COLUMBUS – For the eighth year in a row, Ohio has earned a “C” for its efforts to combat child sex trafficking from a group dedicated to fight the problem nationwide.
In its ninth annual ‘Protected Innocence Challenge’ state report cards, Shared Hope International cited Ohio laws requiring 16- and 17-year-olds to prove they were forced into committing illegal acts or face prosecution as one of the reasons why the state was one of only 15 to receive the “average” grade.

“Ohio is doing an ‘average’ job of protecting children from sex trafficking. That’s unacceptable,” state Sen. Teresa Fedor (D-Toledo) said in a statement released in response to the report.
Ohio has raised its grade level from a “D” in 2011, the year the first report was released
Fedor urged the House to pass the Protect Trafficking Minors Act, which was approved by the Senate in July and which closes the loophole by requiring juvenile courts apply the law the same way in cases where victims are 16 or 17 as in cases when they are under 16.
“This bill prioritizes rescuing trafficking victims over arresting them. Lawmakers must work harder to protect our children and improve our grade,” Fedor said.
The report also pointed to other shortcomings it believes exist in Ohio’s “commercial sexual exploitation of children” laws, which “do not prohibit a defense based on the willingness of the minor to engage in the commercial sex act” or include specific crimes of assisting, enabling, or financially benefitting from trafficking.

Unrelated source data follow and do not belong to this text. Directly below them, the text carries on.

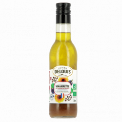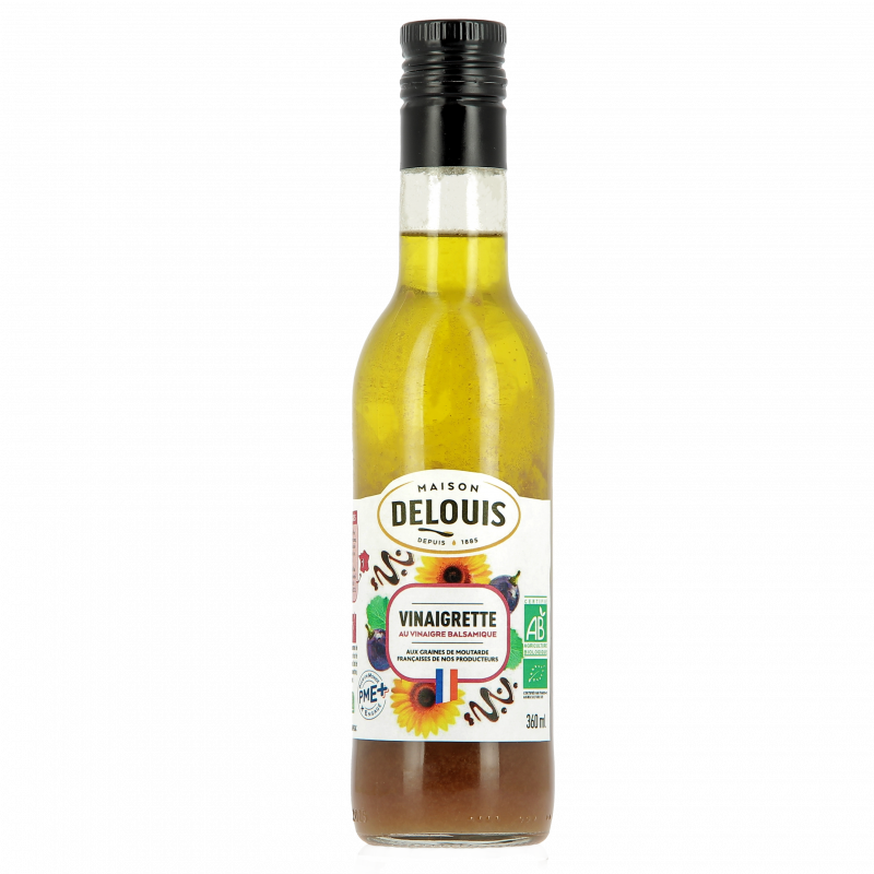 Huile dolive vierge extra* (25,5%), huile de tournesol* (24,5%), vinaigre balsamique* (19,5%) (vinaigre de vin*, moût de raisin*), eau, vinaigre de vin rouge*, moutarde de Dijon* (graines de moutarde*, vinaigre dalcool*, eau, sel), sel. *Issus de lagriculture biologique
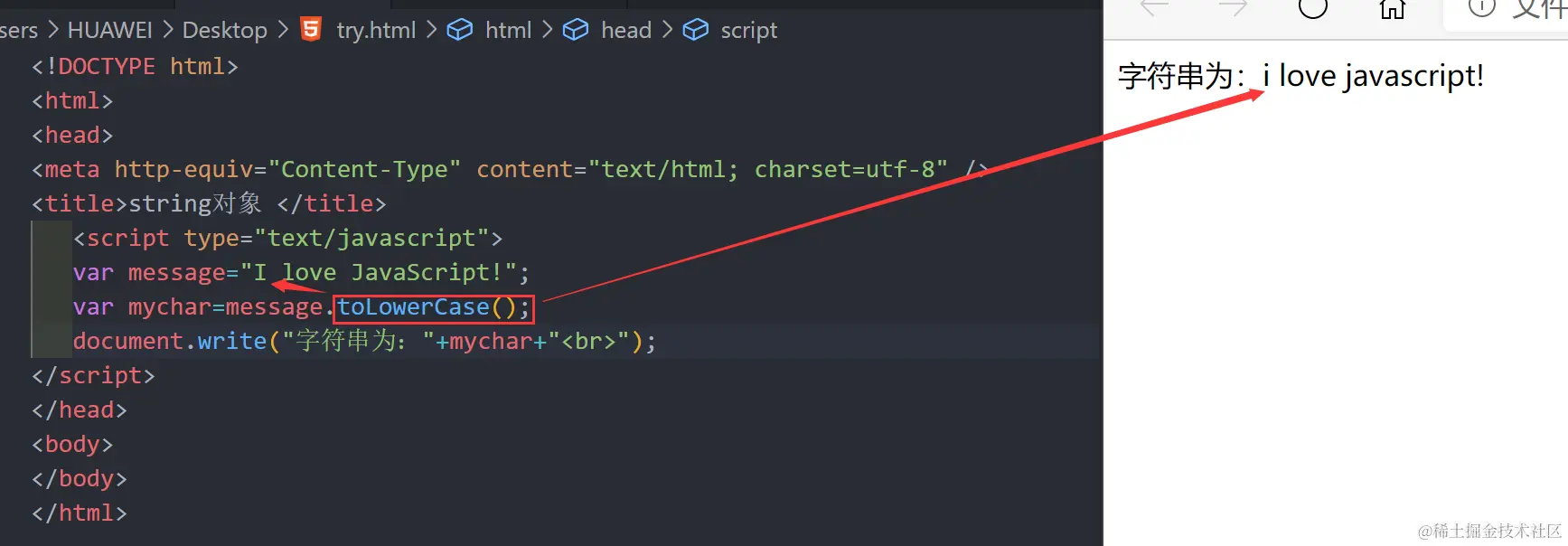 如使用string 对象的 toUpperCase() 方法来将文本转换为大写:
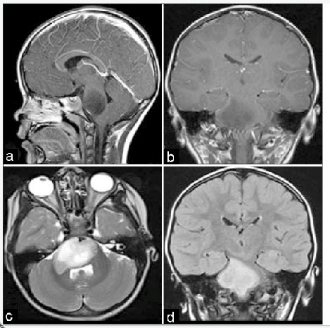 Seorang anak berusia 9 tahun datang ke spesialis anak dengan nyeri kepala dan pertumbuhan terhambat. Hasil patologi anatomi tumor terlihat seperti di gambar. Apakah diagnosis paling mungkin :

The state’s trafficking-in-persons law does say that someone who facilitates trafficking may be found guilty of compelling or promoting prostitution.
Ohio did not score well in how it punishes the johns who engage in sexual acts with those trafficked into prostitution. The trafficking law does not apply to those who engage in commercial sex acts with minors, though the buyers can be charged under the general solicitation statute in the sex trafficking law and that those who solicit sex with a minor face stiffer penalties than those who solicit sex from adults, the report said.
The state law against compelling prostitution also prohibits a defendant from claiming a “mistake of age defense” in cases involving a minor victim but the solicitation statute prohibits the defense only for victims aged 15 or who
The state also lacks laws address specifically addressing the promotion of sex tourism, the group said.